Last summer, Leicester sold Riyad Mahrez to Manchester City not because they needed the £60 million but because Mahrez wanted to leave. It’s only a matter of time before Harry Maguire wants to cash in as well.
The ceiling of a midtable club is essentially capitalizing on a down year from the top teams to crash the European party or making a deep cup run. Big clubs offer more opportunity. Eventually, players grow more ambitious than the midtable ceiling.
That’s what keeps the big clubs big and middle class clubs in the middle class.
There’s another less spoken factor that makes it extremely difficult for middle class teams to break into the top six. They need to be able to win three different types of matches.
A Premier League team typically plays in one of three scenarios:
1) You’re the superior team and the other team is going to try to sit back and defend against you
2) Both teams are evenly matched and are going to have a go at each other
3) You’re the inferior team and you’re going to sit back and spend most of the match defending
The middle class needs to worry about all three types of matches. When they play the top six, they need to sit back and stay organized. Against other midtable teams they need to be ready for a more open game. Against the bottom teams, they become the top team, facing a team that’s trying to stay organized and make their life difficult.
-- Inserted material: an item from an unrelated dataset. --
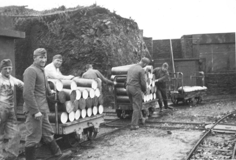 - Photographie de l'un des canons de 164,7 mm de la batterie de Kerbonn par Jean Manzon à l'occasion de la visite à Brest de journalistes américains en 1940 : chargement du canon, Images Défense
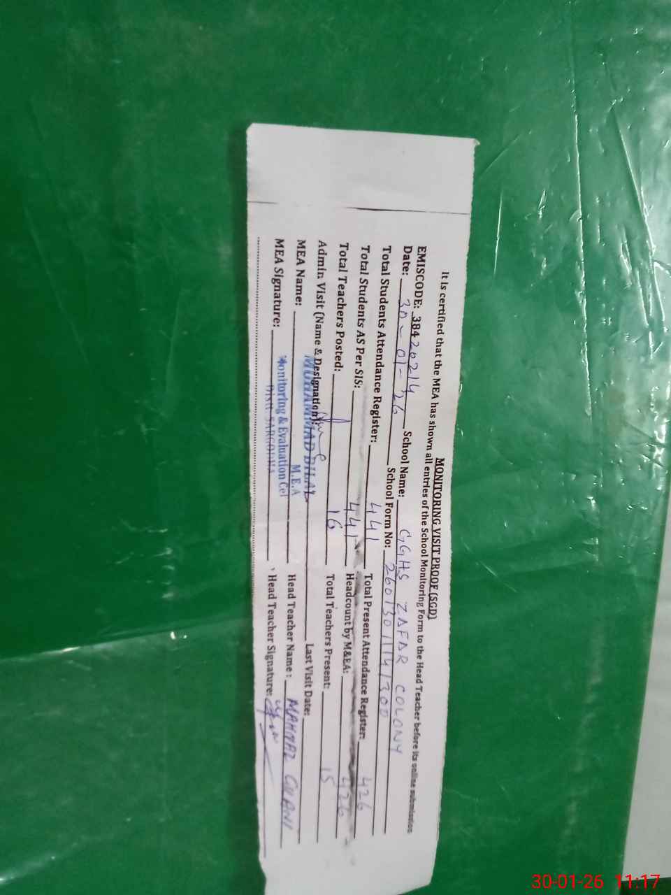 | Attendance Register | Head Teacher | MEA with School | Visit Proof |

Each game requires different tactics to come out on top and being good at all three is not easy!
This season, Wolves were exceptional at playing games in the first category. They took 16 out of 36 points against the top six. Leicester and Everton were also very good in this category. Their inconsistencies occurred in the other two categories which kept them from reaching the top six.
This season, in an 11 day span, Leicester picked up wins over Manchester City, Chelsea, and Everton but lost to Cardiff in the middle. It’s not easy to win all three ways.
For the most part, big six teams only play matches in the first two categories. It’s an added advantage when it comes to keeping their place in the hierarchy. Same with teams on the other end. They may be fighting relegation but they usually have to play the same way to survive.
Statistically speaking, the upper middle class is coming. These clubs are building solid foundations and moving in the right direction. Above them, four of the top six clubs all stumbled towards the finish line (with three of them focusing on Europe playing a role) and have massive questions going into the summer.
Despite all that, the safest bet for the Premier League next season is that the top six teams this year will be the top six teams next year as well, we just don’t know the order yet.